Scotland’s Catholic Church is facing potentially its biggest shakeup since the 1940s after the Vatican asked bishops to consider the possibility of merging dioceses.

Image illustrating this story
The Bishops of Scotland met last month

The request from Rome could see a future where dioceses share resources or ultimately merge into larger more manageable units in order to carry out their mission more effectively.

Currently there are six dioceses and two archdioceses in Scotland.

The smallest is Argyll and the Isles with just 10,000 Catholics and the largest is Glasgow with just under 200,000. The newest are Paisley and Motherwell which were erected by Pope Pius XII in 1947.

Request

Following a request from the Vatican, the Bishops of Scotland met last month to reflect on how the structures of the Church in Scotland can best serve her mission in the years ahead, specifically whether the present situation of eight dioceses is sustainable.

A spokesman said: “We are all aware of the challenges before us – fewer clergy, changing patterns of practice, and increasing pressures on our diocesan resources, among other things.
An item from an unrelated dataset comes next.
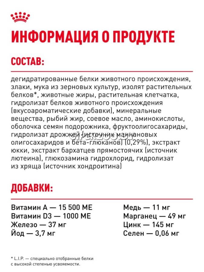 рис, дегидратированные белки животного происхождения (птица), дегидратированные белки животного происхождения (свинина)*, кукурузная мука, животные жиры, гидролизат белков животного происхождения, кукурузная клейковина, кукуруза, минеральные вещества, свекольный жом, растительная клетчатка, изолят растительных белков*, соевое масло, рыбий жир, оболочка и семена подорожника, фруктоолигосахариды, гидролизат дрожжей (источник мaннановых олигосахаридов), гидролизат из панциря ракообразных (источник глюкозамина), экстракт бархатцев прямостоячих (источник лютеина).

Yet our mission remains unchanged: to proclaim the Gospel and to lead our people to Christ.

“Two possible pathways are being proposed for careful discernment: developing deeper cooperation and the sharing of resources across dioceses within our present structures, or the merging of some dioceses.”

Each bishop will engage with his own diocese over the coming months for the first part of this process and responses will be given to Rome in the Autumn. In Glasgow the topic will initially be discussed at Deanery level and by the Council of Priests in coming months.

The practice of merging dioceses is increasingly common. In Wales last year Cardiff and Menevia merged to form the new Archdiocese of Cardiff-Menevia.

Ireland

In Ireland the dioceses of Galway and Clonfert are united under one bishop as are the dioceses of Achonry and Elphin.

In Italy some bishops are in charge of up to six dioceses. Cardinal Paolo Lojudice is technically head of the Archdiocese of Siena which is now merged with the dioceses of Colle di Val d’Elsa, Montalcino, Montepulciano, Chiusi and Pienza.

Archbishop Nolan said: “This is not simply an administrative exercise. It is a pastoral and missionary response to our changing landscape.

“This process will ensure the Church in Scotland will continue to grow ever more missionary, more Christ-centred, and more collaborative as we move forward together with confidence and renewed hope.”